From the outset, this venture took place in an era of instability and uncertainty. Although we used to think of East Africa as the nurturing “cradle of mankind,” it’s now understood to have created precarious tests of survival and adaptability. “The cauldron of human evolution” is a phrase I prefer, reflecting the roiling events and churning process that defined the thin line between thriving and decline, between survival and extinction in the era of human origins.
After several million years, the sole survivor of this radiation of bipedal species is Homo sapiens, worldwide in its extent: a turning point in the history of life due to our capacity to alter the world.
We see this among the oldest artifacts in the Smithsonian collections: a chipped stone, some sharp stone flakes and a hammerstone, comprising the oldest toolkit, made by human ancestors two million years ago. They are simple things, yet they mark the first stages of our species’ ability to alter and rearrange the surroundings.
The chipped stone shown below was carried eight miles from its source to a place where antelopes and young zebra were butchered, and their bones broken to extract nutritious marrow, and tubers were dug out of the ground. The hammerstone could crush more effectively than an elephant’s molar. A sharp edge could cut more efficiently than a lion’s canine, or sharpen a stick that could dig with greater yield than a warthog’s tusk to get tubers and roots under the ground. In fact, any food that could be eaten by a large omnivorous mammal could be obtained with these simple modifications of the environment.

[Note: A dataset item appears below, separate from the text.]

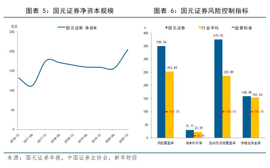 风险管理方面,国元证券杠杆率较低,资产流动性较强,资产配置较为合理,各项风险控制指标均优于监管预警标准,且高于行业平均水平。2020年国元证券净资本204.82亿元,同比增长28.72%;净资本与净资产之比为69.90%,风险覆盖率350.56%,流动性覆盖率375.92%,净稳定资金率158.98%。根据中国证券业协会数据,截至2020年末,证券行业平均风险覆盖率252.34%,平均资本杠杆率23.59%,平均流动性风险覆盖率235.89%,平均净稳定资金率153.66%,行业整体风控指标优于监管标准。

The first two-thirds of our evolutionary history were exclusively in Africa. Shortly after 2 million years ago, our genus, the genus Homo (which is African in origin), began to spread to new places, taking with it its ability to modify things. With the species Homo erectus, the ability to explore and disperse to new places enabled it to endure. In fact, Homo erectus survived nine times longer than our own species has been around so far, and from erectus we inherited a propensity to explore and colonize.
Yet much of what is distinctive of our species evolved later, over the past million years: attaining a particularly large brain relative to body size; controlling fire and making shelters indicative of a central place on the landscape where the social group returned "home" in a way familiar to humans today; and prolonging the pace at which we grow up, with enormous implications for the time, care and energy we put into raising children—as well as for learning and the capacity for culture.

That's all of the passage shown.